| About this exercise |
From the listing that follows, reproduce only the lines from the one holding "Jeanne Roberts, copyright." through the one holding "El Protocolo de", both included, with no pictures.

Top of Extracted material

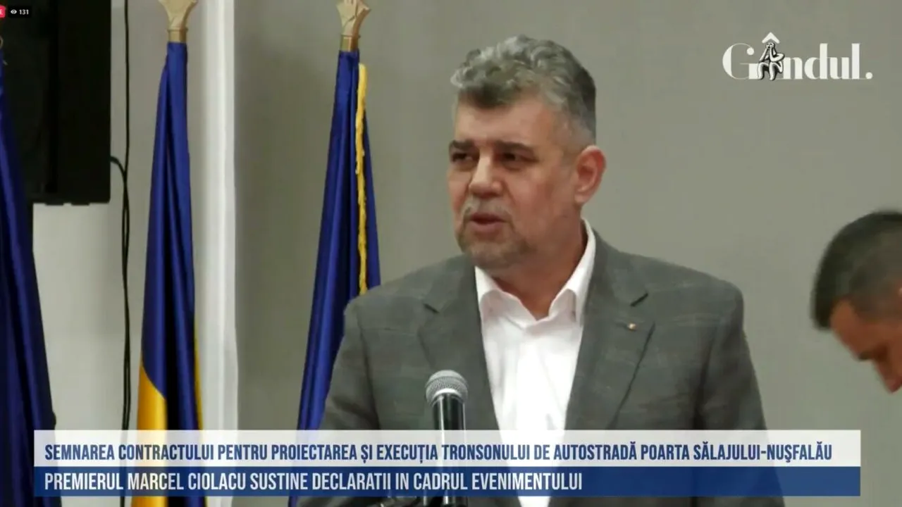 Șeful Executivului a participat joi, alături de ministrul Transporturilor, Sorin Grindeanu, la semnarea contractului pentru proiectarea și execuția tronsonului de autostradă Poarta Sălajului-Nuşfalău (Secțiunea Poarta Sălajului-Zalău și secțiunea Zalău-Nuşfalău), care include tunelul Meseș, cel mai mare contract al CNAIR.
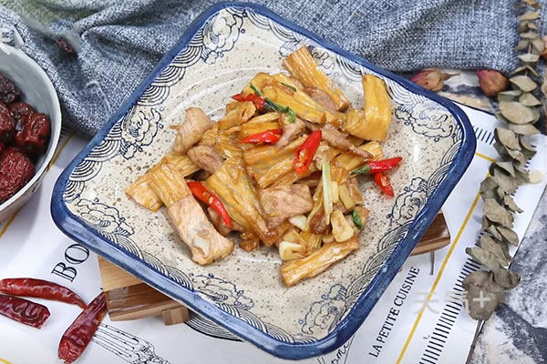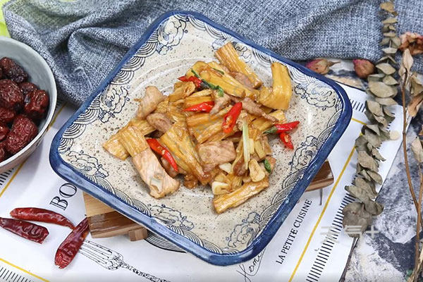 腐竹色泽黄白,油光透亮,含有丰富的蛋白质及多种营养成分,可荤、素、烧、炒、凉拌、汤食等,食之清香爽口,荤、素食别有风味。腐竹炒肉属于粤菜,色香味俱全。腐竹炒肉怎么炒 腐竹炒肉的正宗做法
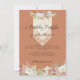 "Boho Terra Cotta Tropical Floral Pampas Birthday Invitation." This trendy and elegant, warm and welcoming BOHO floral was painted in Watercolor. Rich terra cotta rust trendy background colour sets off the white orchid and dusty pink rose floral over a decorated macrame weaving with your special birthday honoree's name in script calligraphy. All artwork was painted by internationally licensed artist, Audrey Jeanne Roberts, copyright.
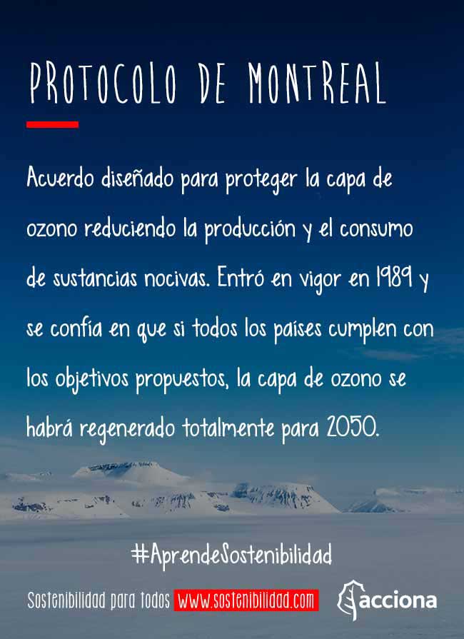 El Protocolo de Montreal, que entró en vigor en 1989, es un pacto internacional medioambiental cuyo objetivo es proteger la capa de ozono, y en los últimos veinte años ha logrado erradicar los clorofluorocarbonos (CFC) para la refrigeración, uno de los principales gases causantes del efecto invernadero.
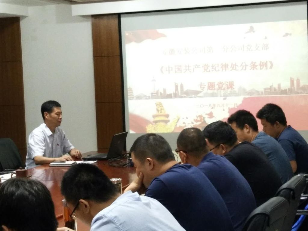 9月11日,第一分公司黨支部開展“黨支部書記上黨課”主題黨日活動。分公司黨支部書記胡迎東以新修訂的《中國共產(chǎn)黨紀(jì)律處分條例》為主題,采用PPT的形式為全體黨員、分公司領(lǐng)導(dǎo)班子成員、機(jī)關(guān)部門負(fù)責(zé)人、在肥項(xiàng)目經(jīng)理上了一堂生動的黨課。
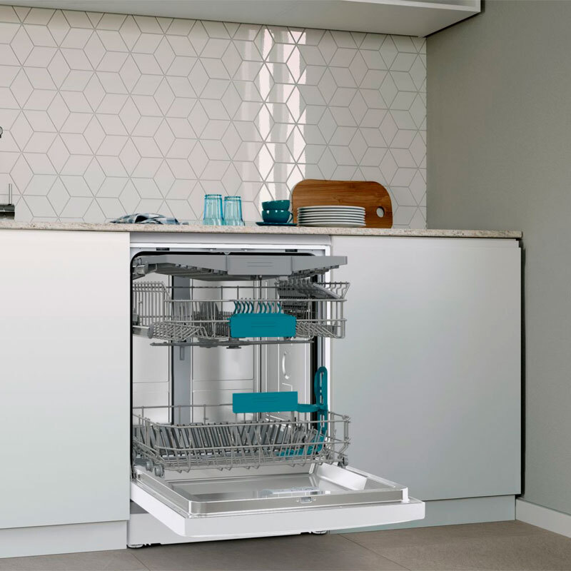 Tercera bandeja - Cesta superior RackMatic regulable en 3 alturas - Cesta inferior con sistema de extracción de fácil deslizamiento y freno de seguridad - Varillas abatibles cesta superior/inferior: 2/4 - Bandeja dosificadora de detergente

Bottom of Extracted material

| Answer space |
 "Boho Terra Cotta Tropical Floral Pampas Birthday Invitation." This trendy and elegant, warm and welcoming BOHO floral was painted in Watercolor. Rich terra cotta rust trendy background colour sets off the white orchid and dusty pink rose floral over a decorated macrame weaving with your special birthday honoree's name in script calligraphy. All artwork was painted by internationally licensed artist, Audrey Jeanne Roberts, copyright.
 El Protocolo de Montreal, que entró en vigor en 1989, es un pacto internacional medioambiental cuyo objetivo es proteger la capa de ozono, y en los últimos veinte años ha logrado erradicar los clorofluorocarbonos (CFC) para la refrigeración, uno de los principales gases causantes del efecto invernadero.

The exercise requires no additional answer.